In 2016 March, the PotoTomo team conducted a series of surveys in the geothermal field at Brady Hot Springs, Nevada to investigate the rock mechanical properties and temporal changes during changing plant operations (Feigl et al. 2017). The injection wells are located in the northern part of the field and the faults with high permeability are presumed to act as fluid channels to the deep reservoir (Cardiff et al. 2018). High-temperature (420 K) brine is extracted from six production wells in the southern part of the field (Fig. 1). The 14-d PoroTomo experiment period consisted of four phases (Feigl et al. 2017), including (1) all injection and production wells working normally; (2) power plant was shutdown, no pumping occurred during this phase; (3) all production and injection wells were reactivated with varying injection rate, except for the far-field injection well and (4) return to normal operation as Phase 1. The suspension of long-term extraction can potentially lead to an increase in ambient pore fluid pressure near the production wells, as observed in previous studies that have shown a clear correlation with the seismicity at Brady Hot Springs (Davatzes et al. 2013). The various operating conditions during the experiment provide an opportunity to capture seismicity response to pore pressure changes.
(a) PoroTomo site and faults. Fibre-optic cable is represented with a blue line and faults are shown by dashed lines.
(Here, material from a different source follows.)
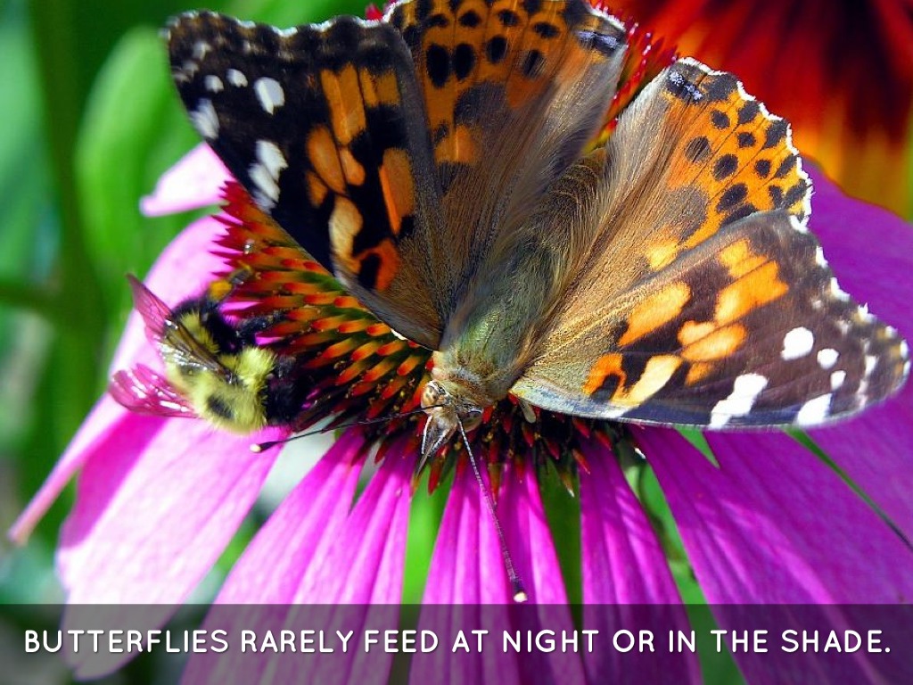BUTTERFLIES RARELY FEED AT NIGHT OR IN THE SHADE.
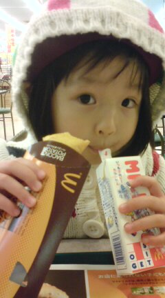 |  |  依亜をお迎えに行くと、担任のY先生より、「今日のお給食はナポリタンとサラダのお野菜どっさりで、依亜ちゃん、頑張って食べていたのですが、本当に少しだけだったので、お腹が空いていると思います」との報告。そこでママ、買い物の前に依亜をマクドナルドへ連れて行き、ベーコンポテトパイとミルクを食べさせました。

Catalogue earthquakes during the experiment and wells are shown in red inverted triangles and black crosses, respectively. (b) Vertical cross-sectional sketch illustrating the key concept of highly permeable conduits along fault channels that transport fluids from shallow aquifers to deep geothermal reservoirs tapped by production wells. (Modified from Feigl et al. 2017, Fig. 2)
The local seismic network (Foxall 2016) reported five local earthquakes (Table 1) during the shutdown and a previous study (Cardiff et al. 2018) explored their relation to pore pressure change due to plant shutdown. As part of the PoroTomo seismic array, an 8.6 km long fibre-optic cable was deployed in shallow trenches and a DAS interrogator was used to continuously record the seismic wavefield with a channel spacing of 1 m. Using data from the five catalogue earthquakes as templates, Li & Zhan (2018) detected more than 100 earthquakes, demonstrating the feasibility of using these data to investigate seismicity response in detail. However, the signal quality of most of the detected events in their study is too poor to allow events to be located and the limited number of templates may also lead to missed detections.
DETECTION
Neural network
To perform seismic event detection from continuous data, we designed a neural network named ADE-Net2 that is modified from ADE-Net (Lv et al. 2022). ADE-Net2 uses three convolutional blocks for feature extraction and two fully connected layers for classification (Fig. 2). In the Lv et al. (2022) study, ADE-Net demonstrated its ability to detect events with low signal-to-noise ratio (SNR) signals. However, the size of the ADE-Net is so large that it leads to slow training convergence. In addition, neural networks are more likely to overfit with a small-size training data set. Since the features, which are shown as continuous gradient change, extracted by the ADE-Net are relatively simple, it is possible to simplify the network to speed up training and avoid overfitting. The number of filters in each convolution layer is reduced by a factor of six. Inspired by the Fully Convolutional Network (FCN), a global pooling layer is added at the end of the convolutional block, which downsamples the input representation by taking the maximum value (Fig. 2) to replace the flattening layer. There are only 16 870 trainable parameters in the refined network (ADE-Net2), which is about 2 per cent of the original ADE-Net. We tested with 100 windows, and the original network took 752 ms, whereas the streamlined network averaged 292 ms, resulting in a reduction of over 60 per cent in processing time.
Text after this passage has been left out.